Directions: Reproduce the entries verbatim; no pictures.

Exercise input:
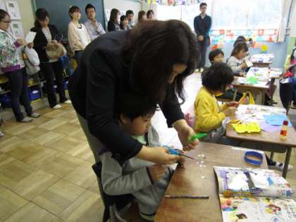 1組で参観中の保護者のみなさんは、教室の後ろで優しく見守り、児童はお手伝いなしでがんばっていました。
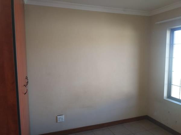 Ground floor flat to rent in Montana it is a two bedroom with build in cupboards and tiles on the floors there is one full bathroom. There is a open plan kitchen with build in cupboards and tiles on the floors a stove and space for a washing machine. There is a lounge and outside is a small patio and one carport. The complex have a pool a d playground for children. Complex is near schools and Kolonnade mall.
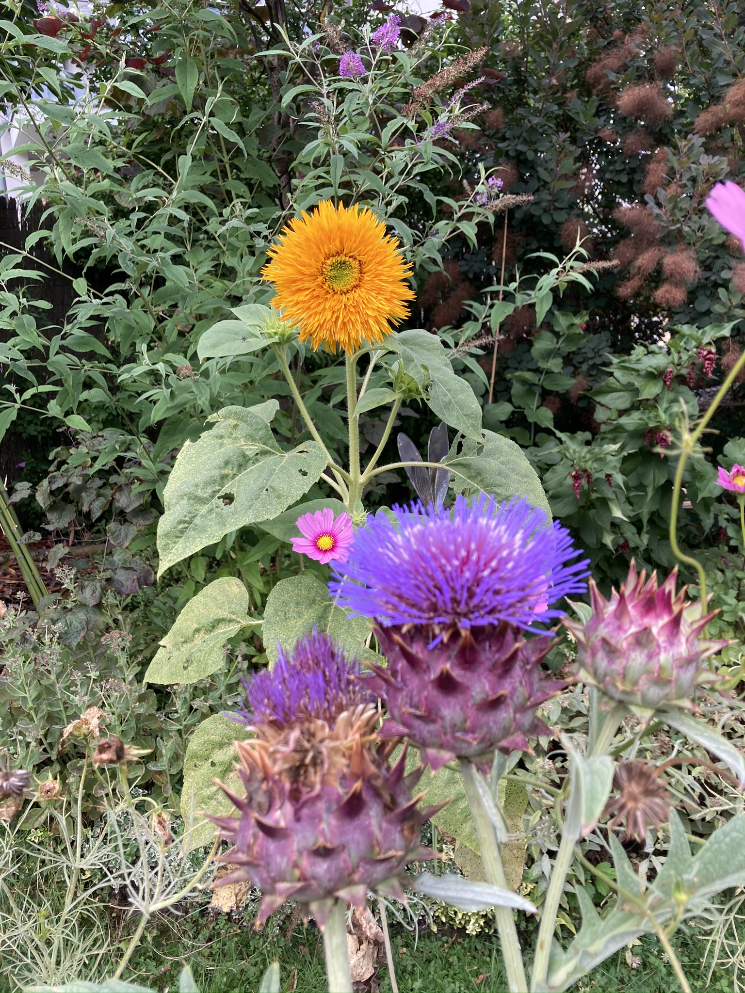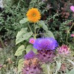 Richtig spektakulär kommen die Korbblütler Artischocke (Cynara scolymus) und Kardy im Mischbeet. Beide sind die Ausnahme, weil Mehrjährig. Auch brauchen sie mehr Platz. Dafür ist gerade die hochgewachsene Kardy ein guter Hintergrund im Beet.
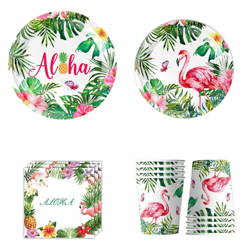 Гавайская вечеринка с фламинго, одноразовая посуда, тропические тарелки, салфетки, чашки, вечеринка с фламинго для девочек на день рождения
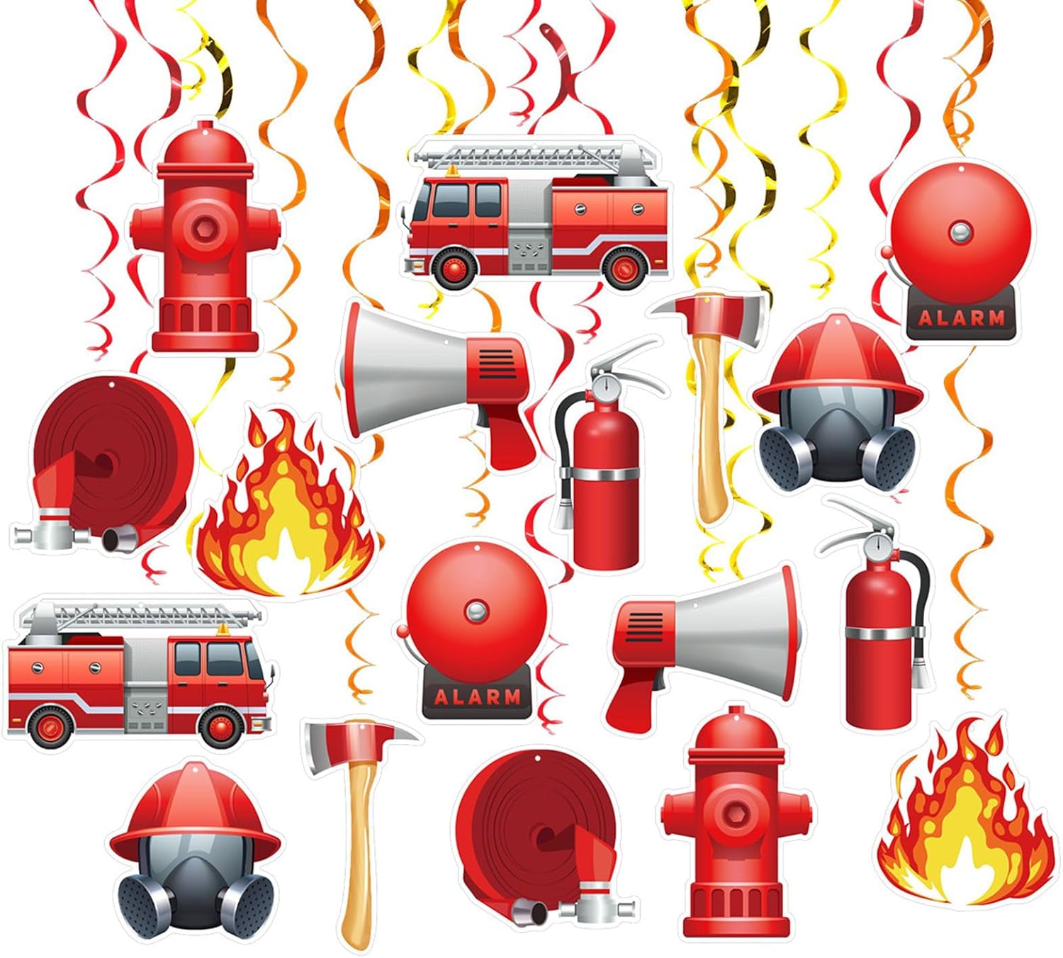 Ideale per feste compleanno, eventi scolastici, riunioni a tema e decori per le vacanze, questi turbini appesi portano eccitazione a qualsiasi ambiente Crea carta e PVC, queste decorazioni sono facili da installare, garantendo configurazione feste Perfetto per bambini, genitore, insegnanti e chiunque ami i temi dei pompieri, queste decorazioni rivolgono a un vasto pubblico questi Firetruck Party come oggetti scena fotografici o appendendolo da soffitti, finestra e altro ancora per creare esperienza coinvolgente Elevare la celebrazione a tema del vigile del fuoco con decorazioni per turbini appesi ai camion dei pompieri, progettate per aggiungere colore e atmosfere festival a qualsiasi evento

Task output:
 1組で参観中の保護者のみなさんは、教室の後ろで優しく見守り、児童はお手伝いなしでがんばっていました。
 Ground floor flat to rent in Montana it is a two bedroom with build in cupboards and tiles on the floors there is one full bathroom. There is a open plan kitchen with build in cupboards and tiles on the floors a stove and space for a washing machine. There is a lounge and outside is a small patio and one carport. The complex have a pool a d playground for children. Complex is near schools and Kolonnade mall.
 Richtig spektakulär kommen die Korbblütler Artischocke (Cynara scolymus) und Kardy im Mischbeet. Beide sind die Ausnahme, weil Mehrjährig. Auch brauchen sie mehr Platz. Dafür ist gerade die hochgewachsene Kardy ein guter Hintergrund im Beet.
 Гавайская вечеринка с фламинго, одноразовая посуда, тропические тарелки, салфетки, чашки, вечеринка с фламинго для девочек на день рождения
 Ideale per feste compleanno, eventi scolastici, riunioni a tema e decori per le vacanze, questi turbini appesi portano eccitazione a qualsiasi ambiente Crea carta e PVC, queste decorazioni sono facili da installare, garantendo configurazione feste Perfetto per bambini, genitore, insegnanti e chiunque ami i temi dei pompieri, queste decorazioni rivolgono a un vasto pubblico questi Firetruck Party come oggetti scena fotografici o appendendolo da soffitti, finestra e altro ancora per creare esperienza coinvolgente Elevare la celebrazione a tema del vigile del fuoco con decorazioni per turbini appesi ai camion dei pompieri, progettate per aggiungere colore e atmosfere festival a qualsiasi evento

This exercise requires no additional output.